Alice Jane Dillabaugh testified that she knew nothing about her husband’s business interests. She claimed to never have even heard of The Dillabaugh Group until after his death.

“It’s like I hit a concrete wall,” she testified about her husband’s handwritten confession to her. “The breath was knocked out of me. Disbelief.”

But Hanseman noted in his lawsuit that while Alice Jane signed off on multiple tax returns indicating the couple made about $30,000 annually, the Dillabaughs lived a “rather lavish lifestyle.”

Alice Jane acknowledged as much in her deposition. In addition to their home in Washington Twp., currently valued at $215,000, she said they had a lake-front vacation home in Tennessee, that they went on vacations to Europe, and that they invested in six weeks of time-shares in Fort Lauderdale, Hilton Head, Palm Beach, Hawaii and St. Thomas.
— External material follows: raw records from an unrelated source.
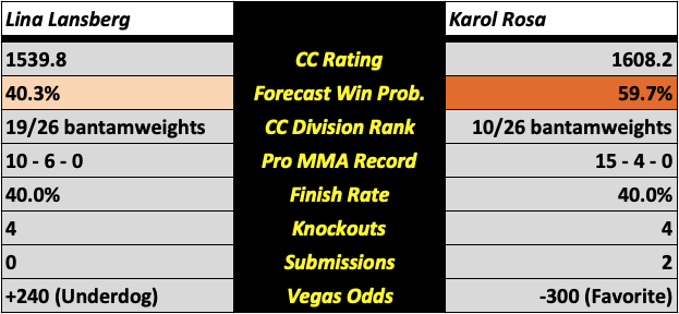 Lina Lansberg vs. [9] Karol Rosa (Women’s Bantamweight)
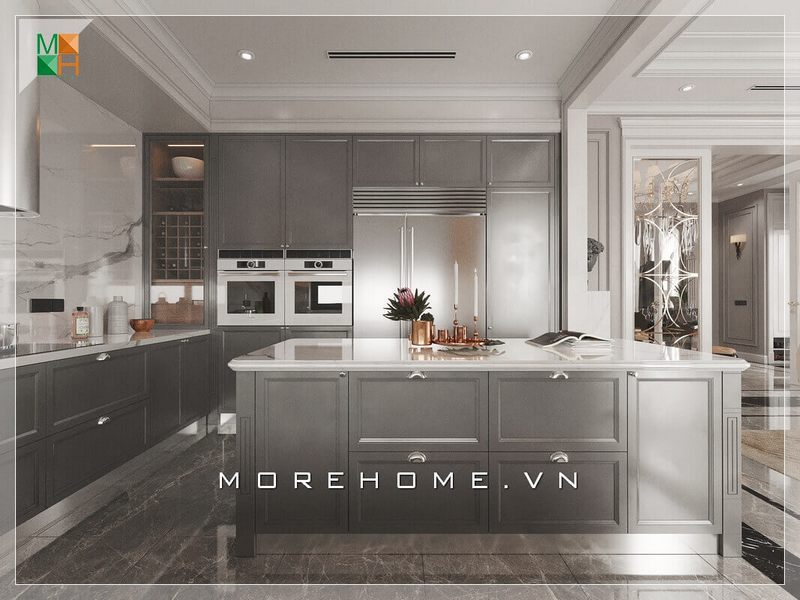 Bàn đảo bếp với kiểu dáng thiết kế hiện đại góp phần giúp không gian thật tinh tế và sang trọng.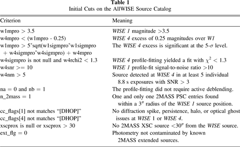 Table 1. Initial Cuts on the AllWISE Source Catalog

He bought the St. Thomas time-share in the last year of his life, she said.

“His last three years, we were gone probably one week a month,” she testified.

Hanseman noted that Dillabaugh’s widow has collected millions, while the vast majority of investors have received nothing.

“I wish she had approached the matter in a different spirit,” he said.

Defendants in the lawsuit include Long, Alice Jane and Lorne — all because they received life insurance payments. The Miami Valley School, where Alice Jane’s grandchildren attended, and Normandy United Methodist Church, where the Dillabaughs worshipped, are also named as defendants.

“He became very generous in his last years with other people’s money,” Hanseman explained.

Officials at the school declined comment. So did the school’s attorney, Susan Solle. Dillabaugh chaired the finance committee at his church for about two years but had no access to funds, said Pastor David Brown. Richard Carr, the church’s attorney, said that there is no legal basis to include the church in Hanseman’s effort to recover funds.

“The leadership at Normandy was shocked,” Carr said about the allegations. “It’s been a tragedy for everyone involved.”

Attorney John Stachler, who represents more than 50 of the former Dillabaugh clients, said some have lost homes, others their life savings.

“These people are the salt of the earth, and have worked very hard for every dime they had,” Stachler said. “These people entrusted their life savings with him. And they woke up one day and realized it was all gone.”